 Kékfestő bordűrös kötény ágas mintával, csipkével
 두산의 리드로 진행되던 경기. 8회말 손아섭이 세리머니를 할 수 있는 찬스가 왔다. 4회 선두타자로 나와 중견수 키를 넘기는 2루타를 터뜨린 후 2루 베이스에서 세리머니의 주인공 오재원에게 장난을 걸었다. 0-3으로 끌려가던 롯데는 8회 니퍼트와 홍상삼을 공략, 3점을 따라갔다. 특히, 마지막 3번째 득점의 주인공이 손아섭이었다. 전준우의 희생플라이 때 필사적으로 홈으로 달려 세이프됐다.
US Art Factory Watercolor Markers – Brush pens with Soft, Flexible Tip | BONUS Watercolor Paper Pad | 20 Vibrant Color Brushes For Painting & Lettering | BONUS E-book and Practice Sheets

★ ★ ★ ★ ★

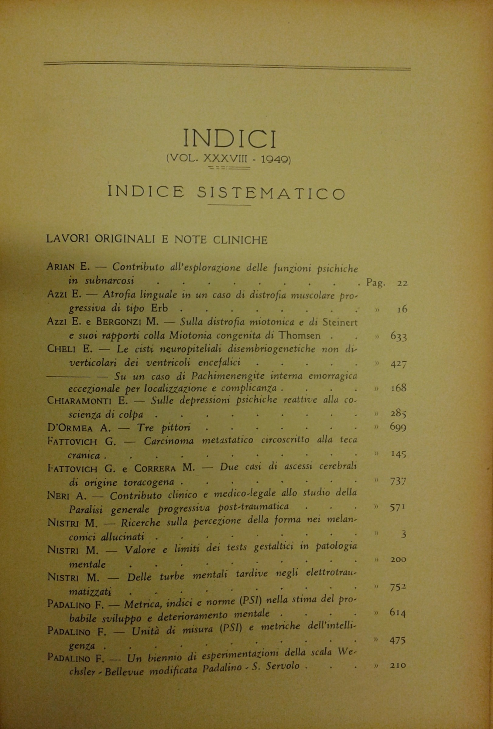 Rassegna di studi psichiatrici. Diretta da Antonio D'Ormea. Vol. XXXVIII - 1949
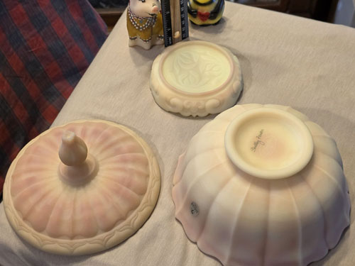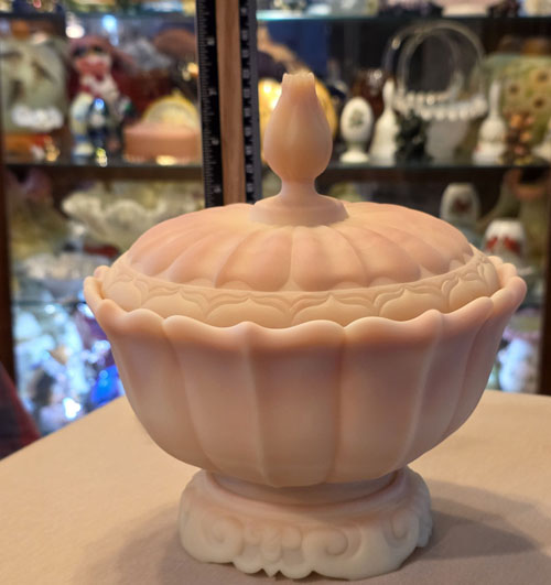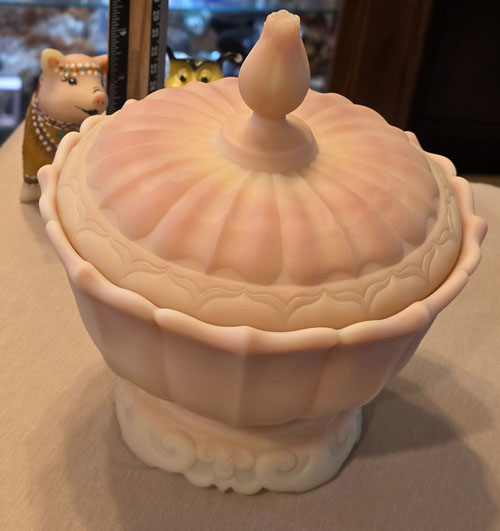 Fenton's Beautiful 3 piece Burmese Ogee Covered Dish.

★ ★ ★ ★ ★

TASK INSTRUCTIONS:
Using the entries above, output exactly the lines between the line holding "두산의 리드로 진행되던" and the line holding "US Art Factory", end lines included, and nothing more.

WRITTEN RESPONSE:
 두산의 리드로 진행되던 경기. 8회말 손아섭이 세리머니를 할 수 있는 찬스가 왔다. 4회 선두타자로 나와 중견수 키를 넘기는 2루타를 터뜨린 후 2루 베이스에서 세리머니의 주인공 오재원에게 장난을 걸었다. 0-3으로 끌려가던 롯데는 8회 니퍼트와 홍상삼을 공략, 3점을 따라갔다. 특히, 마지막 3번째 득점의 주인공이 손아섭이었다. 전준우의 희생플라이 때 필사적으로 홈으로 달려 세이프됐다.
US Art Factory Watercolor Markers – Brush pens with Soft, Flexible Tip | BONUS Watercolor Paper Pad | 20 Vibrant Color Brushes For Painting & Lettering | BONUS E-book and Practice Sheets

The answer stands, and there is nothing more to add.